» **TASK TO COMPLETE**: Please copy out the entries exactly, skipping any pictures.

Stored dataset items
# # # # #
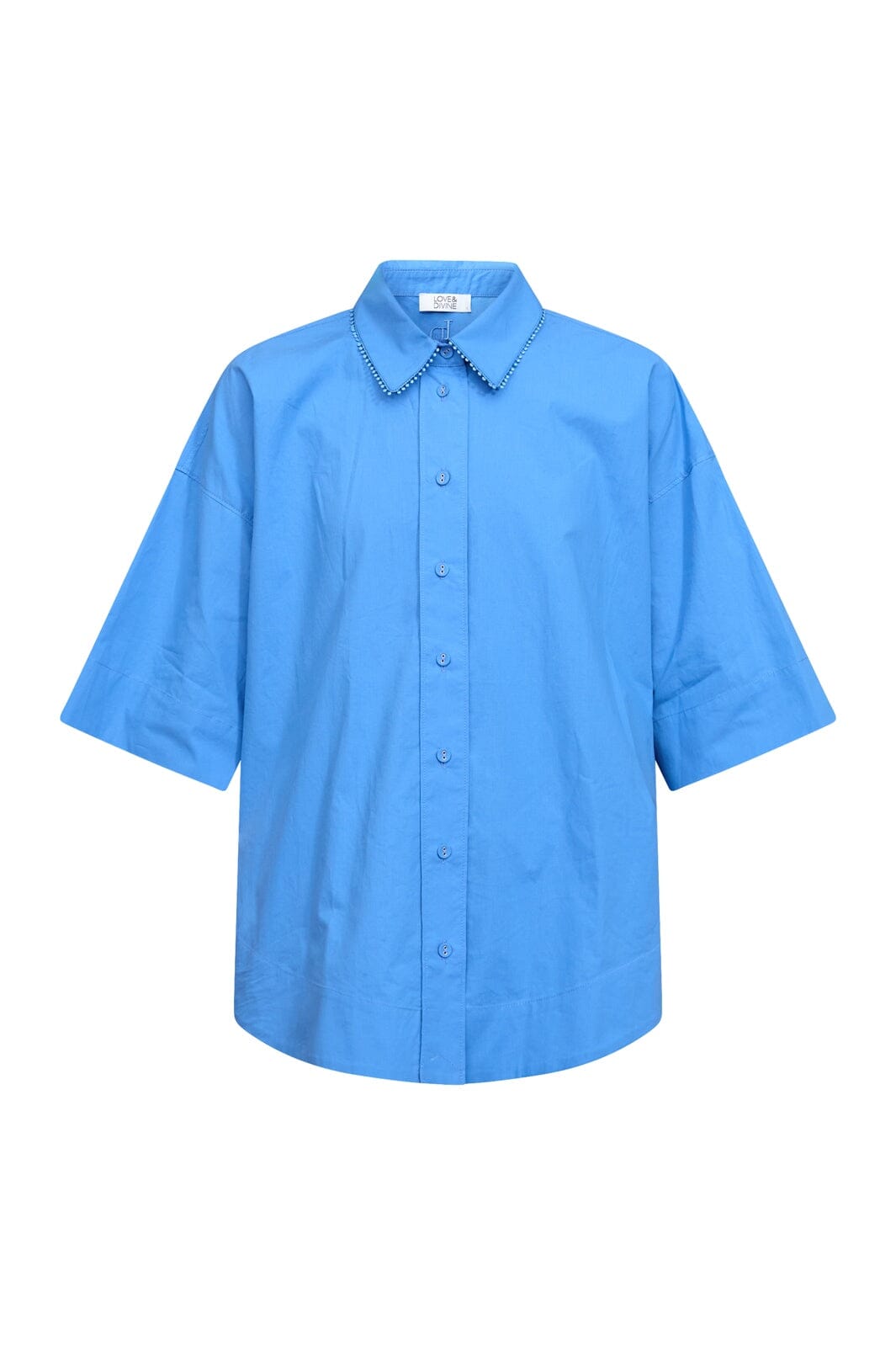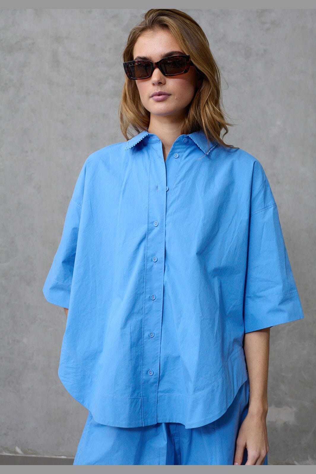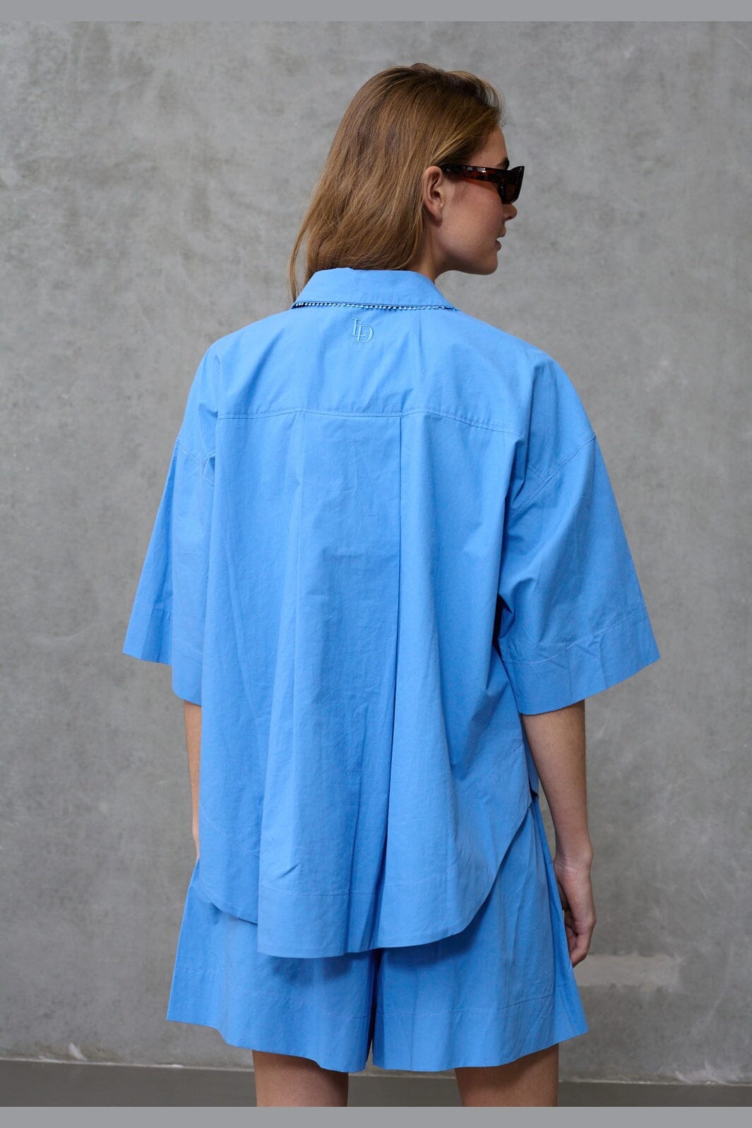 Chemise bleu clair de Love & Divine, confectionnée en 100 % coton. La chemise présente une coupe oversize avec une silhouette boxy et de fines dentelles au col.
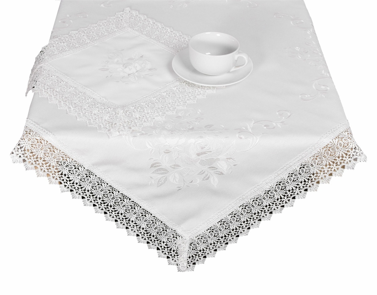 Ubrus celoroční, Růže s krajkou, bílý 40 x 140 cm
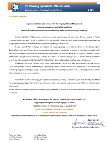 VII Ranking Spółdzielni Mleczarskich 2013 Dofinansowany z Funduszu Promocji Mleka Szanowni Państwo! Zapraszamy Państwa do udziału w VII Rankingu Spółdzielni Mleczarskich, którego organizatorem jest Polska Izba Mleka. Ranking dofinansowany jest z Funduszu Promocji Mleka, a udział w nim jest bezpłatny. Ranking Spółdzielni Mleczarskich organizowany jest nieprzerwanie od 2007 roku. Stanowi jedyne w Polsce przedsięwzięcie stworzone z myślą o spółdzielczej formie własności. Biorące w nim udział podmioty kategoryzowane są w pięciu perspektywach: finansowej, klientów, procesów, potencjału i dostawców. Każdy z uczestników rankingu, bez względu na to, jaką pozycję w nim zajmie, otrzyma indywidualny raport. Zawierać on będzie wyniki osiągnięte w poszczególnych kategoriach, jak również te zawarte w miernikach szczegółowych. Tak zaprezentowana ocena umożliwi wnikliwą analizę spółdzielni, jak również określi jej pozycję w porównaniu z innymi podmiotami biorącymi udział w rankingu. Zarówno dane podane w ankiecie, jak i jej wyniki są poufne. Analizy spółdzielni w rankingu dokona zespół dr hab. Michała Pietrzaka ze Szkoły Głównej Gospodarstwa Wiejskiego w Warszawie. Dodatkowo otrzymują Państwo krótki moduł marketingowy, który w tym roku wyłoni spośród biorących w niej udział tylko jednego laureata. Ankieta ta jest zapowiedzią naszych planów na stworzenie pierwszego w Polsce rankingu marketingowego stworzonego z myślą o spółdzielcach branży mleczarskiej i ich działaniach. Analizy tego modułu dokona Andrzej Kondej wraz ze swoim zespołem. Warunkiem udziału w rankingu jest wypełnienie załączonej ankiety i przesłanie jej do Biura Polskiej Izby Mleka do 20 czerwca 2013 roku. Wyniki rankingu ogłoszone zostaną 13 września 2013 roku podczas XI Forum Spółdzielczości Mleczarskiej. W celu dokonania rzetelnej i pełnowartościowej oceny spółdzielni – prosimy o wypełnienie wszystkich pozycji zawartych w ankiecie. Wypełnione ankiety prosimy przesyłać na adres e-mail: [email protected]. Oryginał prosimy wysłać pocztą tradycyjną na adres: Polska Izba Mleka, ul. Mickiewicza 7/23, 15-213 Białystok Termin nadsyłania ankiet upływa 20 czerwca 2013 r. Udział w rankingu jest bezpłatny. Organizatorzy rankingu zobowiązują się do zachowania poufności odnośnie danych zwartych w ankiecie i nie udostępniania ich osobom trzecim. Z poważaniem Dyrektor Biura Polskiej Izby Mleka Polska Izba Mleka ul. Mickiewicza 7/23 15-213 Białystok www.izbamleka.pl [email protected] tel. (85) 674 73 29
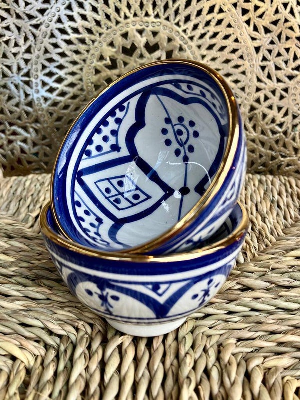 Handbeschilderd blauw/wit kommetje met gouden accenten. Geschikt voor bijv. desserts, of om een geurblokje in te leggen.
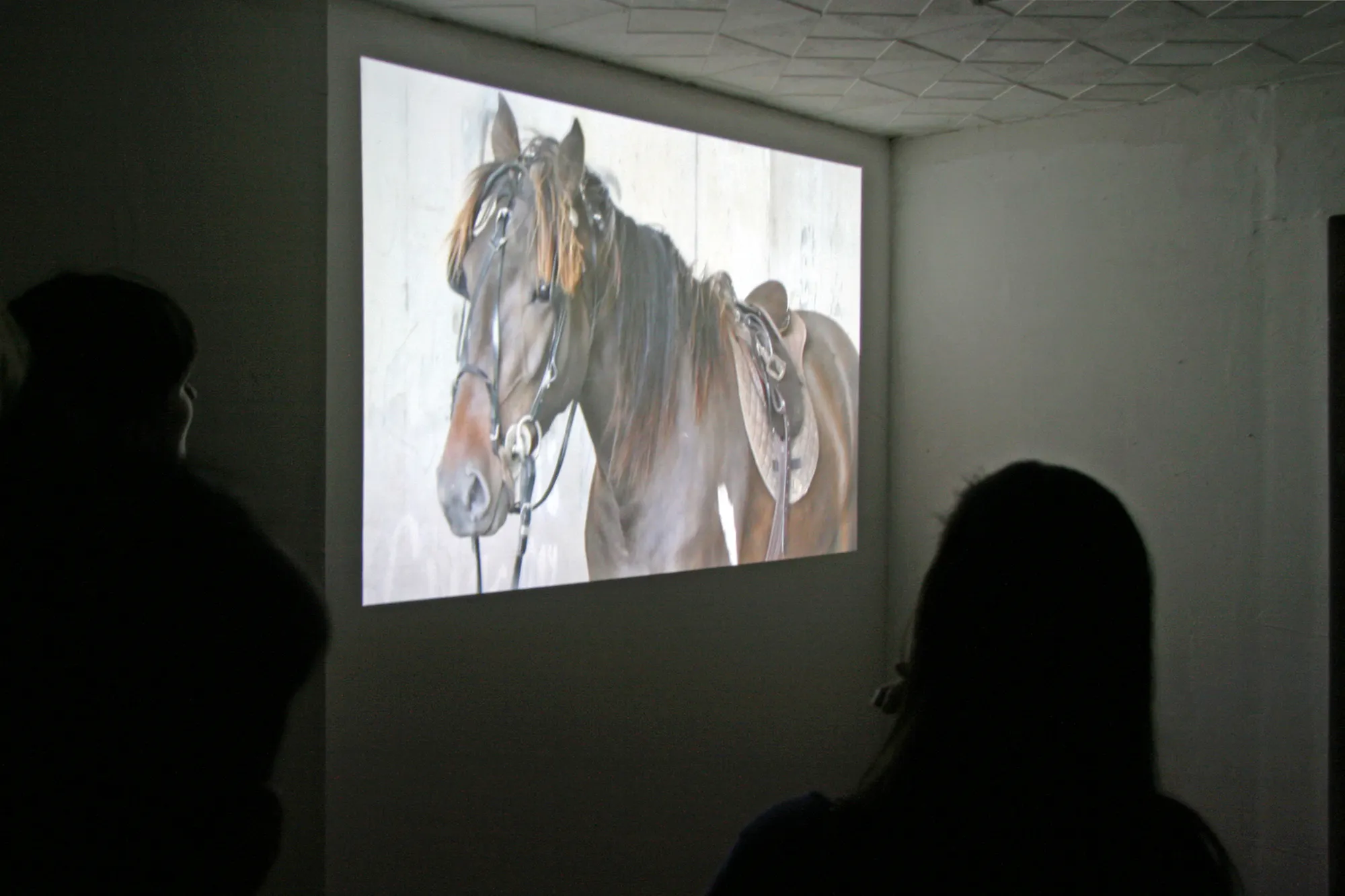 Maya Schweizer’s video installation acts, by the admission of the artist, as a kind of ‘construction site’, a montage of moving images and narrative throughout Askeaton and West Limerick. In a carefully constructed mise-en-scène, a saddled horse with an invisible ghostrider wanders through Askeaton’s historical ruins.
# # # # #
» **REPLY**:
 Chemise bleu clair de Love & Divine, confectionnée en 100 % coton. La chemise présente une coupe oversize avec une silhouette boxy et de fines dentelles au col.
 Ubrus celoroční, Růže s krajkou, bílý 40 x 140 cm
 VII Ranking Spółdzielni Mleczarskich 2013 Dofinansowany z Funduszu Promocji Mleka Szanowni Państwo! Zapraszamy Państwa do udziału w VII Rankingu Spółdzielni Mleczarskich, którego organizatorem jest Polska Izba Mleka. Ranking dofinansowany jest z Funduszu Promocji Mleka, a udział w nim jest bezpłatny. Ranking Spółdzielni Mleczarskich organizowany jest nieprzerwanie od 2007 roku. Stanowi jedyne w Polsce przedsięwzięcie stworzone z myślą o spółdzielczej formie własności. Biorące w nim udział podmioty kategoryzowane są w pięciu perspektywach: finansowej, klientów, procesów, potencjału i dostawców. Każdy z uczestników rankingu, bez względu na to, jaką pozycję w nim zajmie, otrzyma indywidualny raport. Zawierać on będzie wyniki osiągnięte w poszczególnych kategoriach, jak również te zawarte w miernikach szczegółowych. Tak zaprezentowana ocena umożliwi wnikliwą analizę spółdzielni, jak również określi jej pozycję w porównaniu z innymi podmiotami biorącymi udział w rankingu. Zarówno dane podane w ankiecie, jak i jej wyniki są poufne. Analizy spółdzielni w rankingu dokona zespół dr hab. Michała Pietrzaka ze Szkoły Głównej Gospodarstwa Wiejskiego w Warszawie. Dodatkowo otrzymują Państwo krótki moduł marketingowy, który w tym roku wyłoni spośród biorących w niej udział tylko jednego laureata. Ankieta ta jest zapowiedzią naszych planów na stworzenie pierwszego w Polsce rankingu marketingowego stworzonego z myślą o spółdzielcach branży mleczarskiej i ich działaniach. Analizy tego modułu dokona Andrzej Kondej wraz ze swoim zespołem. Warunkiem udziału w rankingu jest wypełnienie załączonej ankiety i przesłanie jej do Biura Polskiej Izby Mleka do 20 czerwca 2013 roku. Wyniki rankingu ogłoszone zostaną 13 września 2013 roku podczas XI Forum Spółdzielczości Mleczarskiej. W celu dokonania rzetelnej i pełnowartościowej oceny spółdzielni – prosimy o wypełnienie wszystkich pozycji zawartych w ankiecie. Wypełnione ankiety prosimy przesyłać na adres e-mail: [email protected]. Oryginał prosimy wysłać pocztą tradycyjną na adres: Polska Izba Mleka, ul. Mickiewicza 7/23, 15-213 Białystok Termin nadsyłania ankiet upływa 20 czerwca 2013 r. Udział w rankingu jest bezpłatny. Organizatorzy rankingu zobowiązują się do zachowania poufności odnośnie danych zwartych w ankiecie i nie udostępniania ich osobom trzecim. Z poważaniem Dyrektor Biura Polskiej Izby Mleka Polska Izba Mleka ul. Mickiewicza 7/23 15-213 Białystok www.izbamleka.pl [email protected] tel. (85) 674 73 29
 Handbeschilderd blauw/wit kommetje met gouden accenten. Geschikt voor bijv. desserts, of om een geurblokje in te leggen.
 Maya Schweizer’s video installation acts, by the admission of the artist, as a kind of ‘construction site’, a montage of moving images and narrative throughout Askeaton and West Limerick. In a carefully constructed mise-en-scène, a saddled horse with an invisible ghostrider wanders through Askeaton’s historical ruins.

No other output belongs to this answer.